Aim of the task: Nothing but the pictures should be dropped when the records are transcribed word for word.

Segment Start: Provided entries

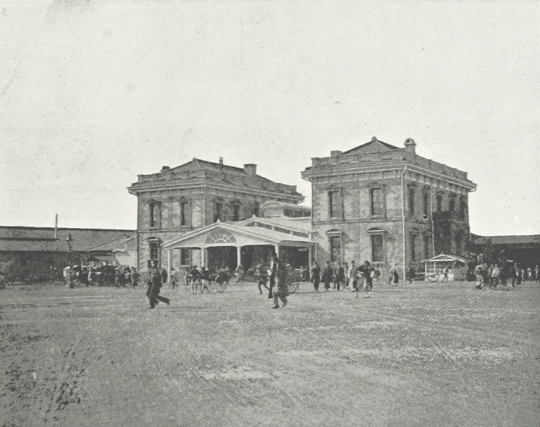 The original Shimbashi Station in Tokyo in the late 19th century. Image from: "Japan in Transition. A comparative study of the progress, policy, and methods of the Japanese since their war with China ... With ... maps ... and illustrations" by RANSOME, James Stafford, page 243, published London 1899 by Harper & Bros.
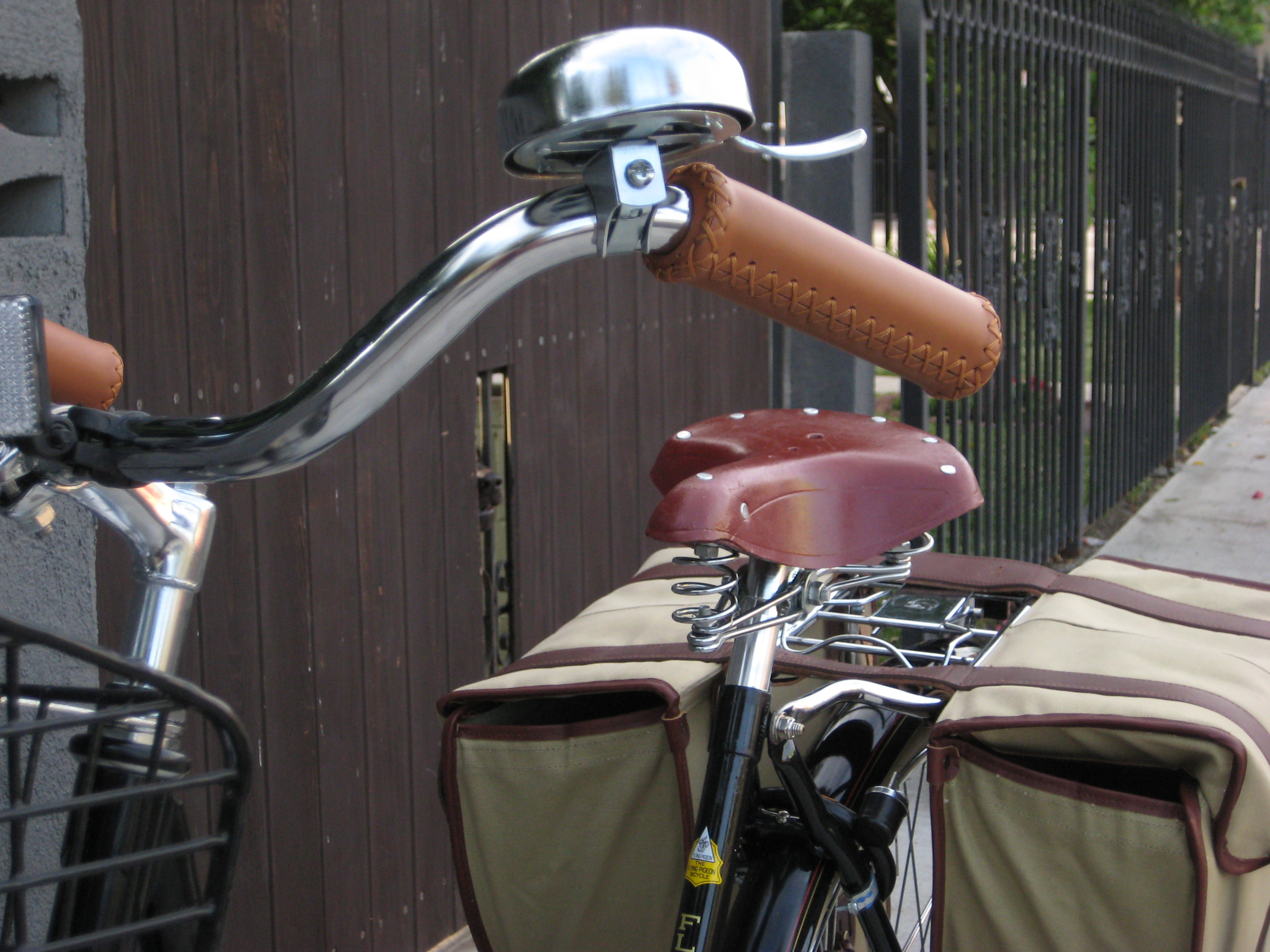 Roadster handlebars with leather grips and leather saddle
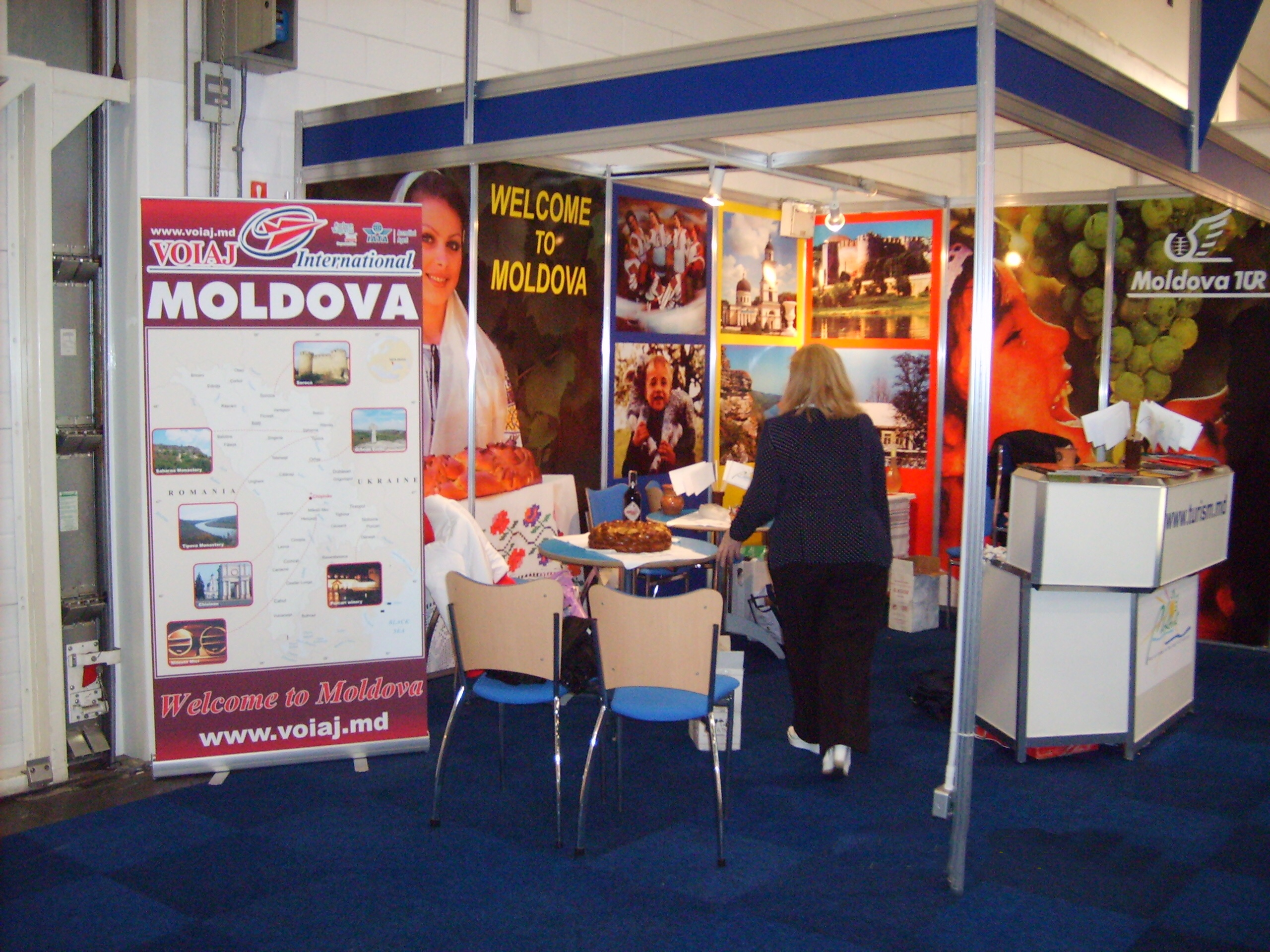 Voiaj Moldova at the Expo in London, UK, 2007
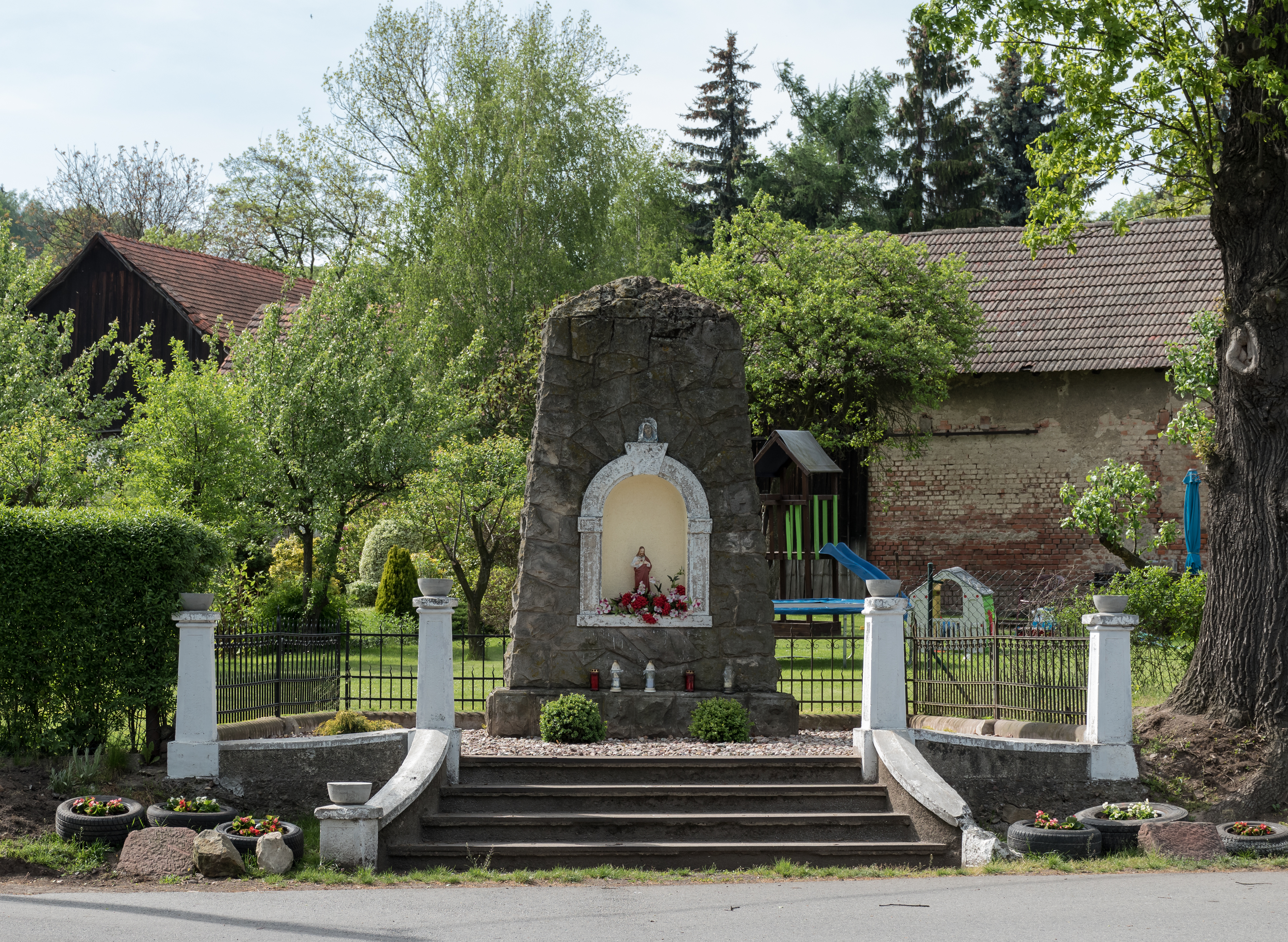 Roadside chapel in Ścinawica, former memorial to the victims of World War I
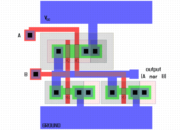 Shows a CMOS implementation of a NOR gate. Also used at
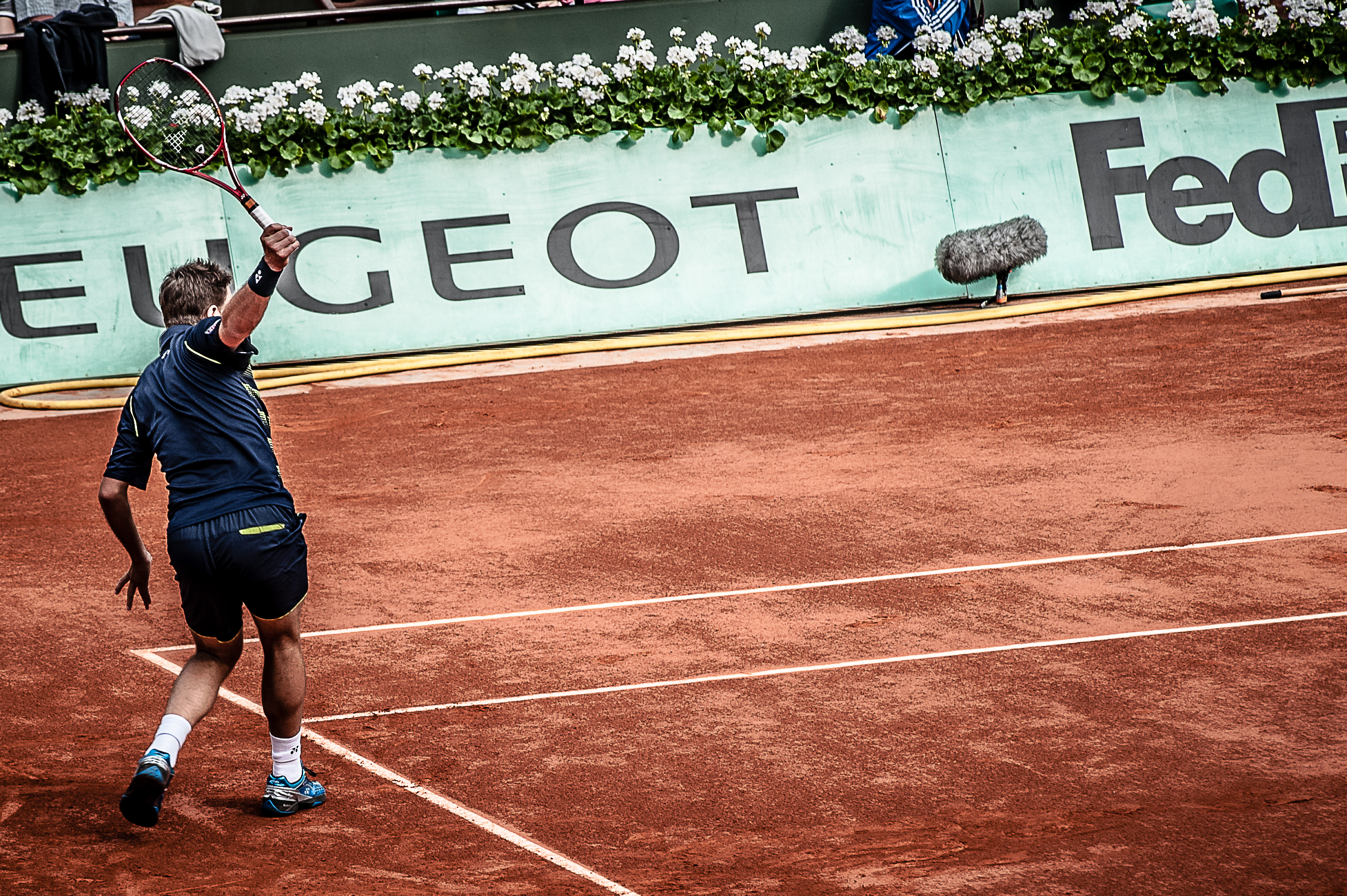 Stanislas Wawrinka
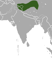 Ladak Pika (Ochotona ladacensis) range
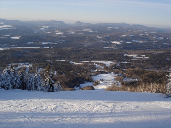 Skiing from the top of Upper Warrens Way
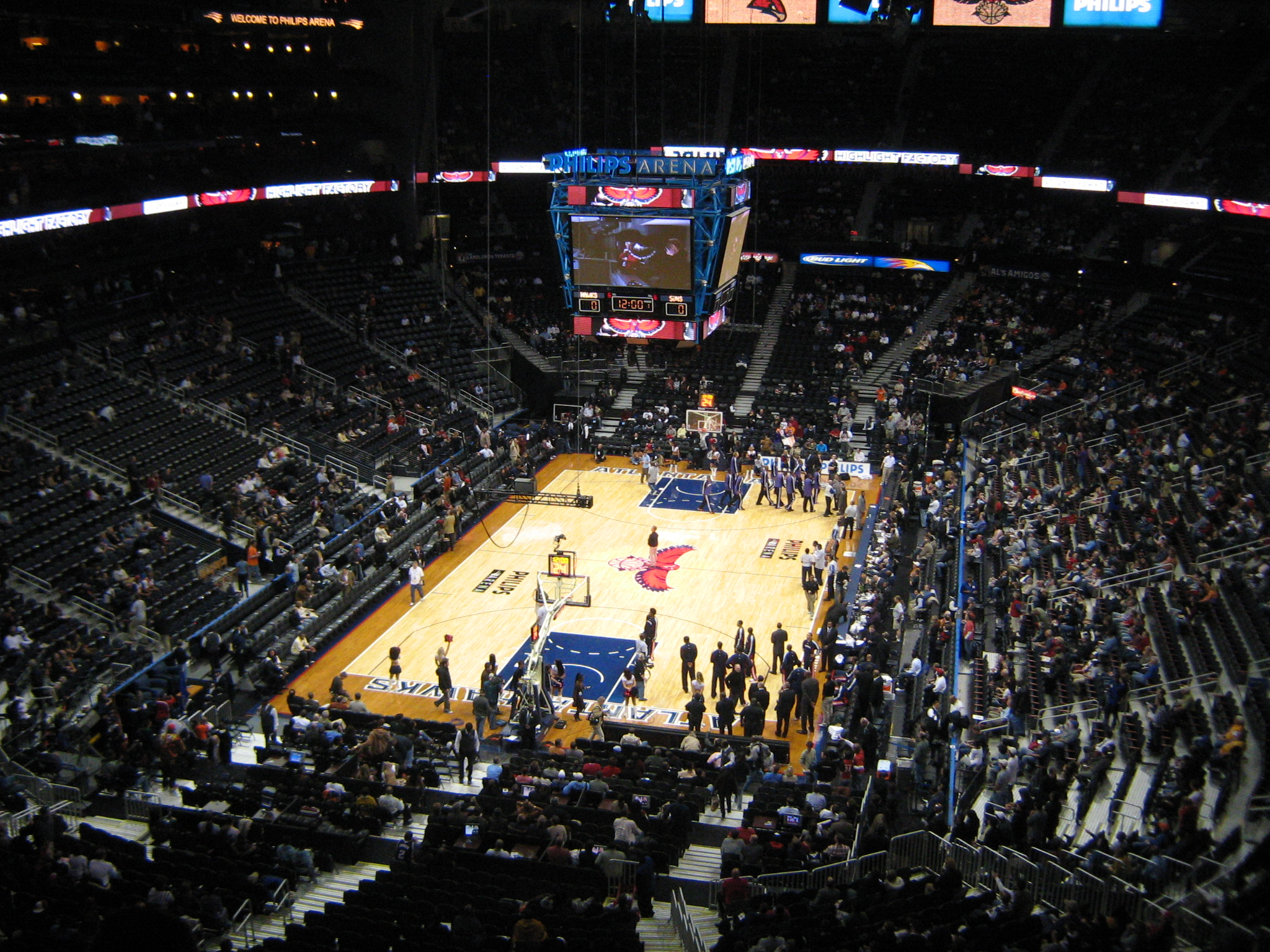 Philips Arena in Atlanta in basketball setup

Segment End: Provided entries

Exercise response:
 The original Shimbashi Station in Tokyo in the late 19th century. Image from: "Japan in Transition. A comparative study of the progress, policy, and methods of the Japanese since their war with China ... With ... maps ... and illustrations" by RANSOME, James Stafford, page 243, published London 1899 by Harper & Bros.
 Roadster handlebars with leather grips and leather saddle
 Voiaj Moldova at the Expo in London, UK, 2007
 Roadside chapel in Ścinawica, former memorial to the victims of World War I
 Shows a CMOS implementation of a NOR gate. Also used at
 Stanislas Wawrinka
 Ladak Pika (Ochotona ladacensis) range
 Skiing from the top of Upper Warrens Way
 Philips Arena in Atlanta in basketball setup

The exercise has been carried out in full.